DATA TO EXAMINE:

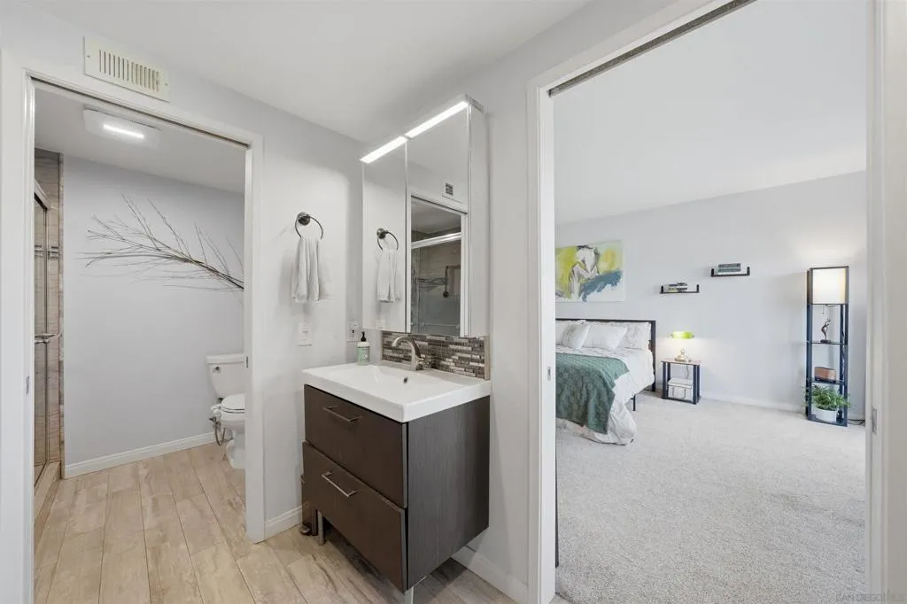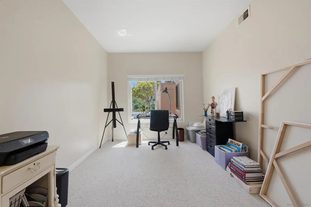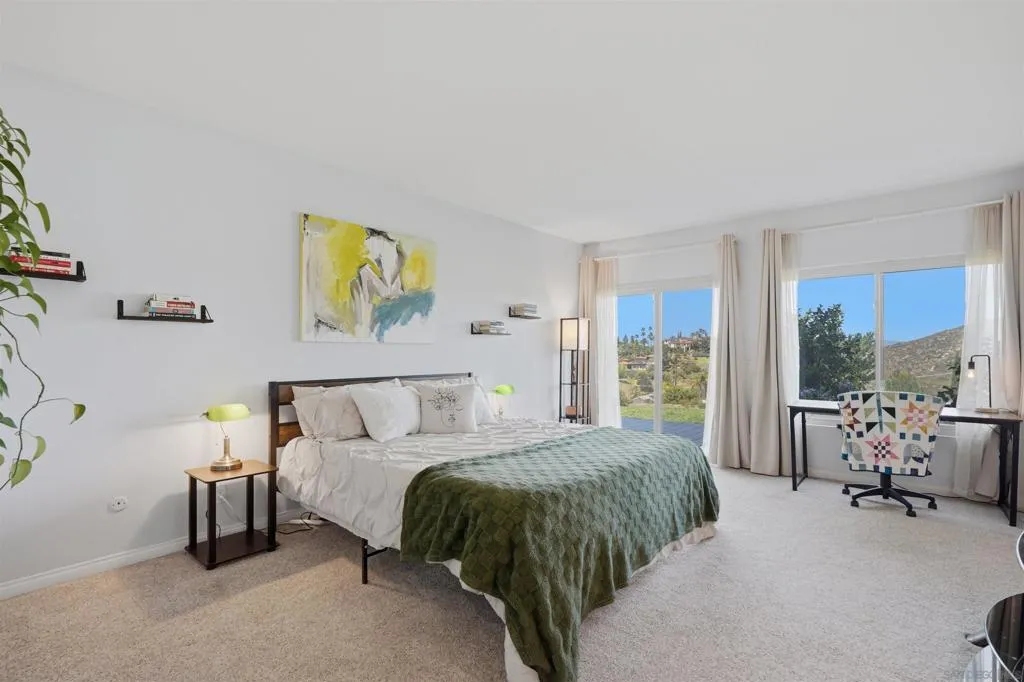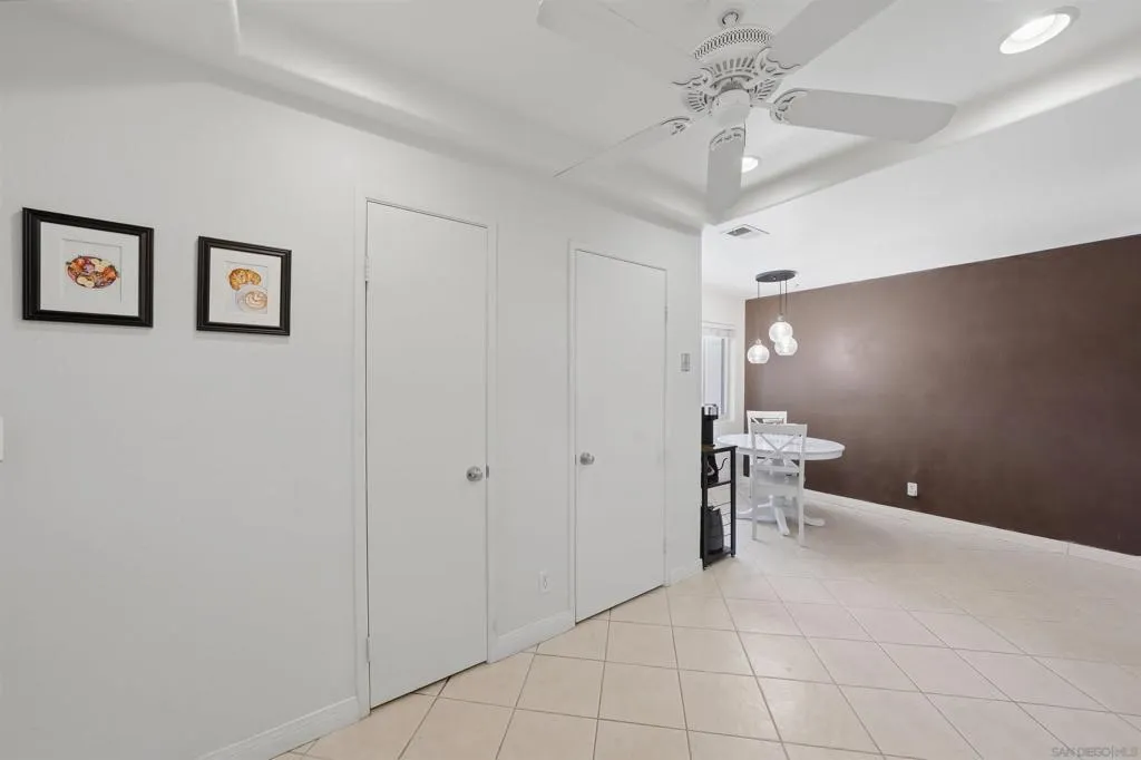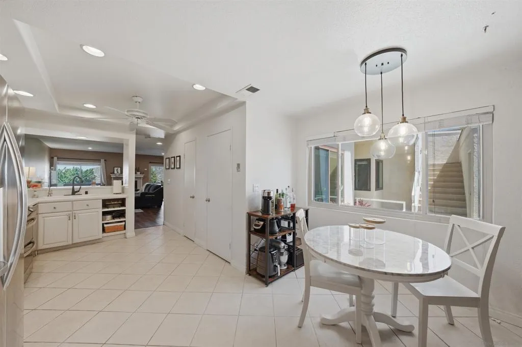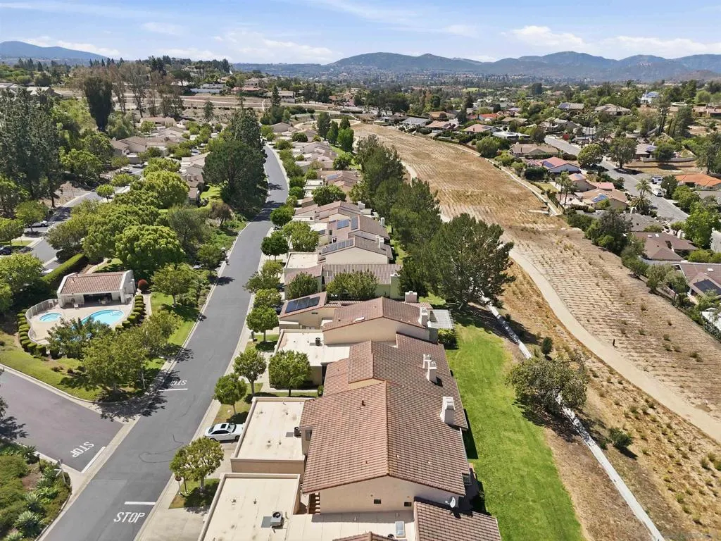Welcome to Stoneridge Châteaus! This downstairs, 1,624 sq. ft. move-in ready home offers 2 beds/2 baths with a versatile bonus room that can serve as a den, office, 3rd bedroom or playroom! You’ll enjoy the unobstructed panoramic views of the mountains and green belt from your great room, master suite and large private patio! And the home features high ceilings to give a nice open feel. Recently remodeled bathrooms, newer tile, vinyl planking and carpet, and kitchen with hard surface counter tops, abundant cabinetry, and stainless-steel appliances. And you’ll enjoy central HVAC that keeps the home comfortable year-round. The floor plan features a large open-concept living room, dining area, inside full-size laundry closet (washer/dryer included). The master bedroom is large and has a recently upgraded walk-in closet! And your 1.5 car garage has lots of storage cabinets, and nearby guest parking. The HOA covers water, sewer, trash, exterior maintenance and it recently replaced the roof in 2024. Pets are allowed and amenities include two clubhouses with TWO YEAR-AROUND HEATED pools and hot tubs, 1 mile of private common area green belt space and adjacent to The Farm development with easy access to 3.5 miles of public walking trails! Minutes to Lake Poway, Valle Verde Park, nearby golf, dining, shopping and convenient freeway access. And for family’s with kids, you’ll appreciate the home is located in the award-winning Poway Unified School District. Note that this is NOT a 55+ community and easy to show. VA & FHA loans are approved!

--

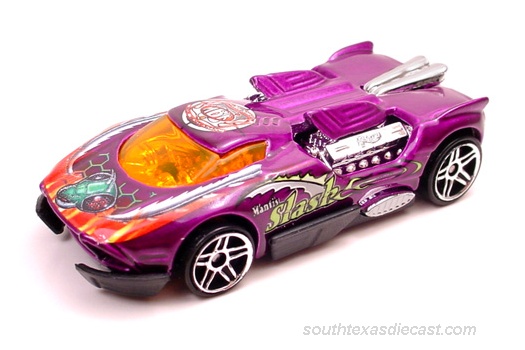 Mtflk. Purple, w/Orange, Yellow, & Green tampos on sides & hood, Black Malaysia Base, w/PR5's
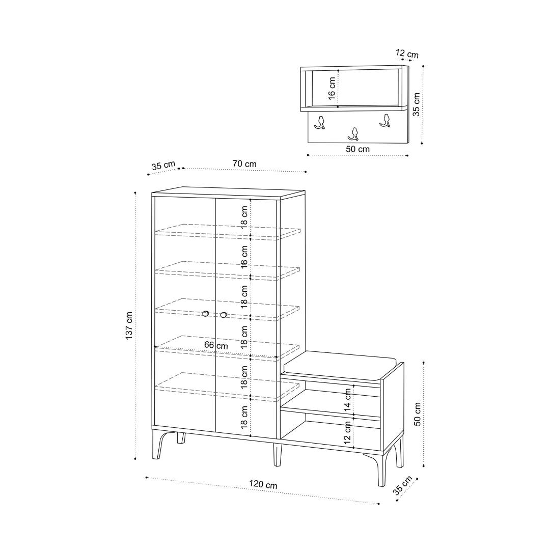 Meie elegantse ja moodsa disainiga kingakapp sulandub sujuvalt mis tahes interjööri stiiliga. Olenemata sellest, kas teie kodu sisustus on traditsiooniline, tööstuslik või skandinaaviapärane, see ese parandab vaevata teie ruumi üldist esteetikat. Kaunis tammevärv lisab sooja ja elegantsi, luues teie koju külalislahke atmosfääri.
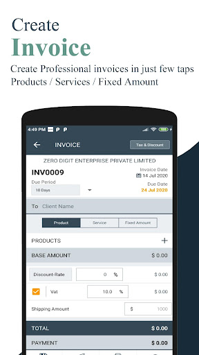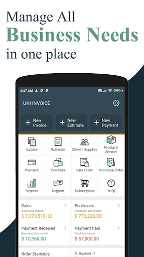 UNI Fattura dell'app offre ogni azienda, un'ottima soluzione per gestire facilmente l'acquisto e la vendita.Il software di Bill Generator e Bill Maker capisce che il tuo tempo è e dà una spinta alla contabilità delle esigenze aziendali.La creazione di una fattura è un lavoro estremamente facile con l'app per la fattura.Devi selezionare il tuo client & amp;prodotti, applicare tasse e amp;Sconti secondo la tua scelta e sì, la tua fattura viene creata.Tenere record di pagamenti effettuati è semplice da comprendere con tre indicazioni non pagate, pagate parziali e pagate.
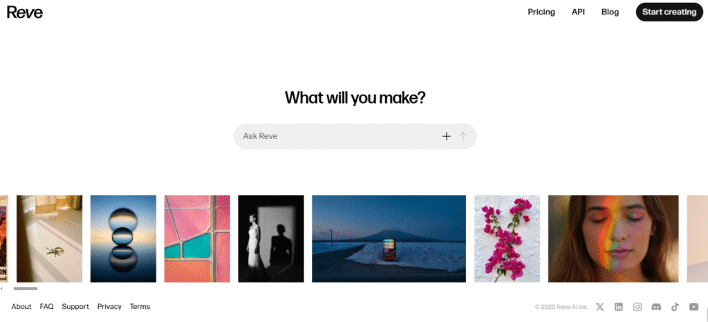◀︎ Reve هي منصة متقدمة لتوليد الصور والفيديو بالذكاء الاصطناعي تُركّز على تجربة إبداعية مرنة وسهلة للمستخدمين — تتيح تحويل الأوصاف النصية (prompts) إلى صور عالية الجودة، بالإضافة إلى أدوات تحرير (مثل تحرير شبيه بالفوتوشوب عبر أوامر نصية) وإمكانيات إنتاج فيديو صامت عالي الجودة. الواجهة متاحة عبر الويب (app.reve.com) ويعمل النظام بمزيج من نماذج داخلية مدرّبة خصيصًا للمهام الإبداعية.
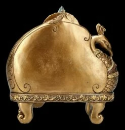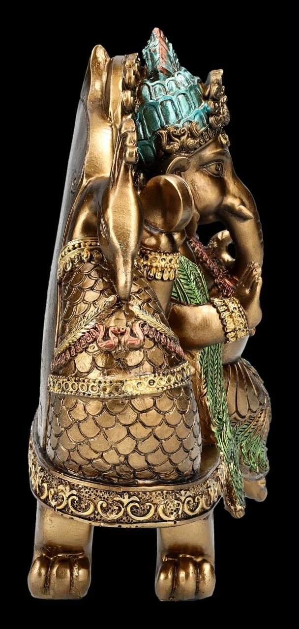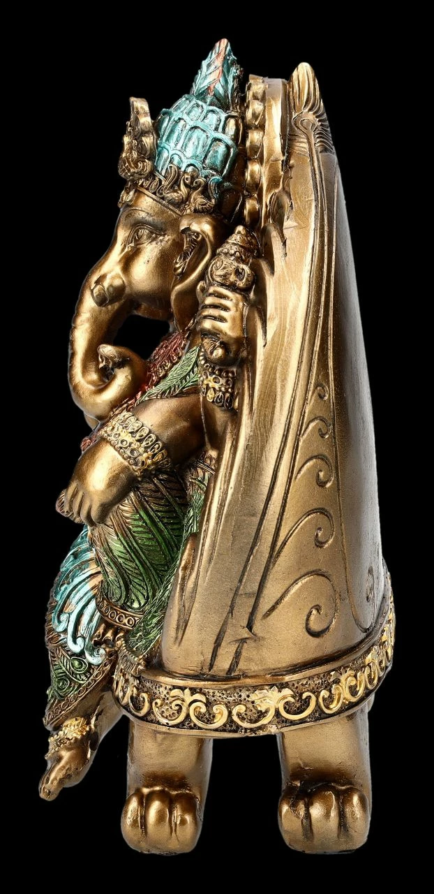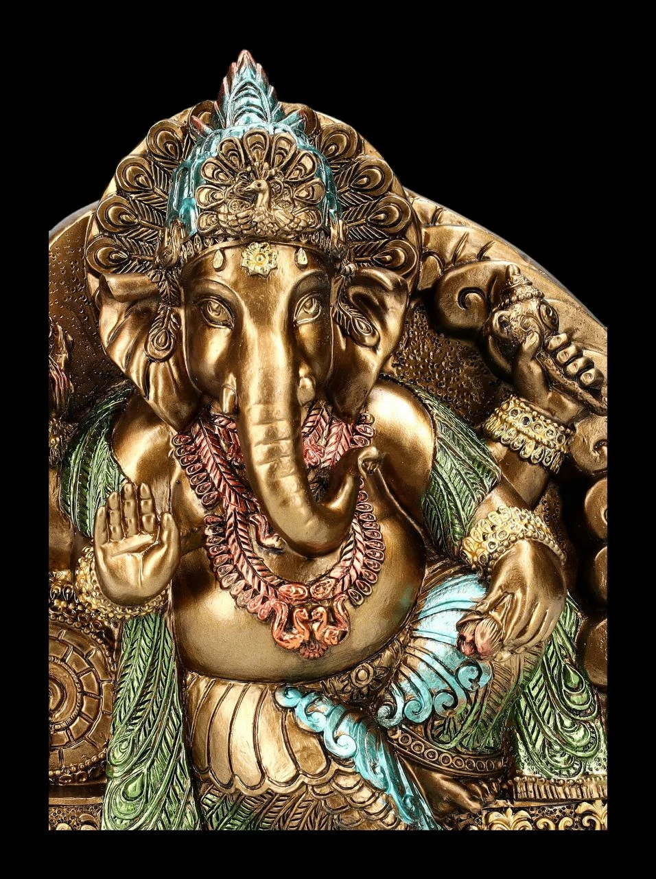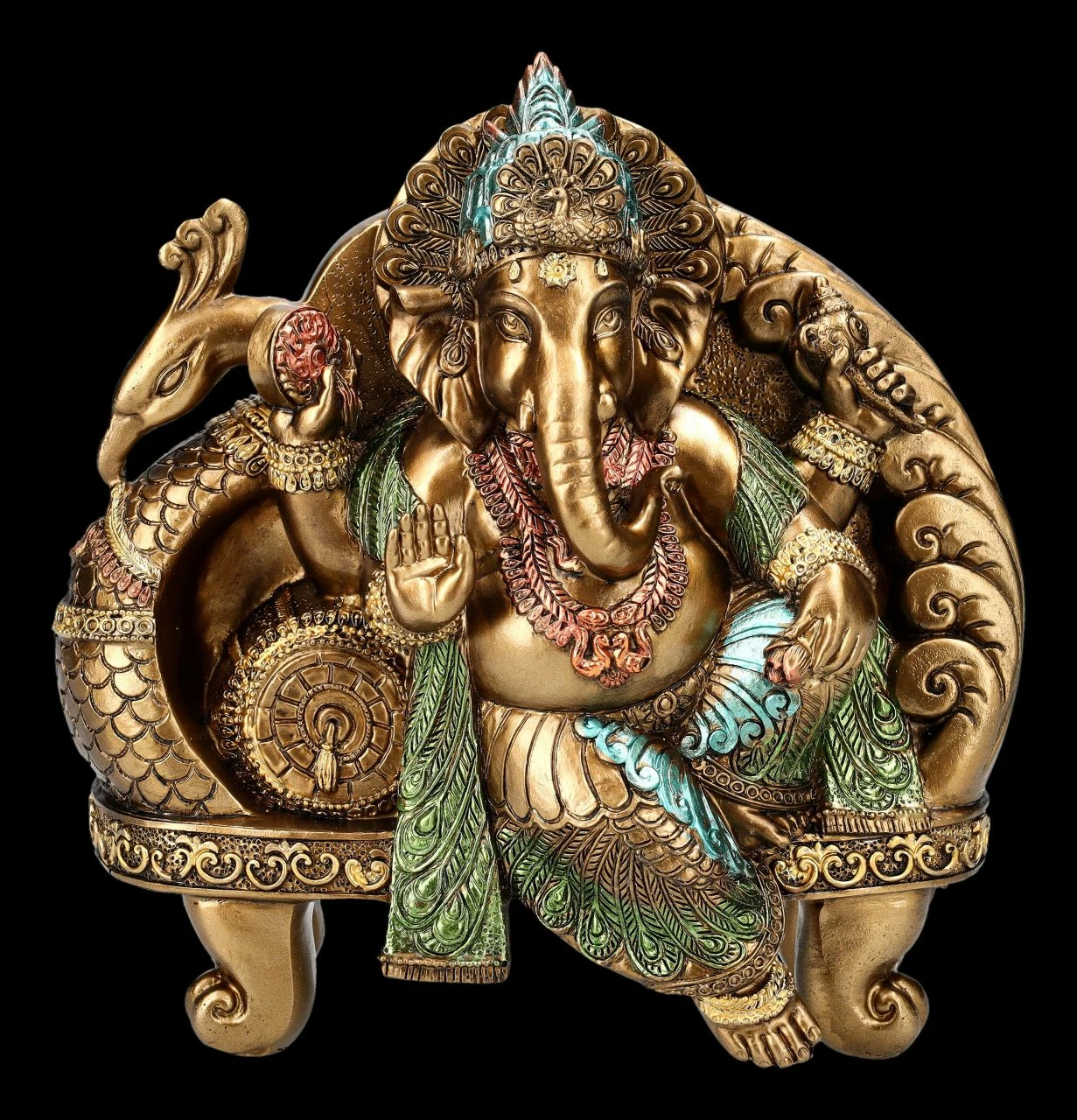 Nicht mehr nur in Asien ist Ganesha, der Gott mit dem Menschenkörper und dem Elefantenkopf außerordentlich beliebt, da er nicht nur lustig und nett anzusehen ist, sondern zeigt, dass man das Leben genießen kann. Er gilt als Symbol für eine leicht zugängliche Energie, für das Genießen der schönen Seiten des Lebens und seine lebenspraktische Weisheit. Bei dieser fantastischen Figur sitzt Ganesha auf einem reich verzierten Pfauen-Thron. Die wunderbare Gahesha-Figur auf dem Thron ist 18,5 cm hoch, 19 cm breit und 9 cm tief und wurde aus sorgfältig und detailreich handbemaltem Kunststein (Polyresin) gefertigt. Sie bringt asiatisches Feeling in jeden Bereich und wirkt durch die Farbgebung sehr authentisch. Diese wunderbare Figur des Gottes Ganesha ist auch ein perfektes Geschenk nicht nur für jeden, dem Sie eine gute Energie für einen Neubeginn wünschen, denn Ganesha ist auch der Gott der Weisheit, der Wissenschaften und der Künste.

==

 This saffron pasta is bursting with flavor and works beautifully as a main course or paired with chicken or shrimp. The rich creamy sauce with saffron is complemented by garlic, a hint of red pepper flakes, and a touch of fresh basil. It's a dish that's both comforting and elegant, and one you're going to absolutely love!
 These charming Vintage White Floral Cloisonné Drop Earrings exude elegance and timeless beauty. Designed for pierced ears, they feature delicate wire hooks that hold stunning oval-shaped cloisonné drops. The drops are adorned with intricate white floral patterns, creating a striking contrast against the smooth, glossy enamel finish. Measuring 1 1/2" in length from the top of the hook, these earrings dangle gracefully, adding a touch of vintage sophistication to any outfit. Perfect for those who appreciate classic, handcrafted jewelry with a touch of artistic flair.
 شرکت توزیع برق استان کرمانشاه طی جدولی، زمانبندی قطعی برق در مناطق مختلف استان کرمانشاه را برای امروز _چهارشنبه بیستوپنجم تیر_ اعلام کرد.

THE TASK: Please return the lines above that run from the line containing "These charming Vintage" to the line containing "شرکت توزیع برق", inclusive, exactly and with no other lines.

REPLY:
 These charming Vintage White Floral Cloisonné Drop Earrings exude elegance and timeless beauty. Designed for pierced ears, they feature delicate wire hooks that hold stunning oval-shaped cloisonné drops. The drops are adorned with intricate white floral patterns, creating a striking contrast against the smooth, glossy enamel finish. Measuring 1 1/2" in length from the top of the hook, these earrings dangle gracefully, adding a touch of vintage sophistication to any outfit. Perfect for those who appreciate classic, handcrafted jewelry with a touch of artistic flair.
 شرکت توزیع برق استان کرمانشاه طی جدولی، زمانبندی قطعی برق در مناطق مختلف استان کرمانشاه را برای امروز _چهارشنبه بیستوپنجم تیر_ اعلام کرد.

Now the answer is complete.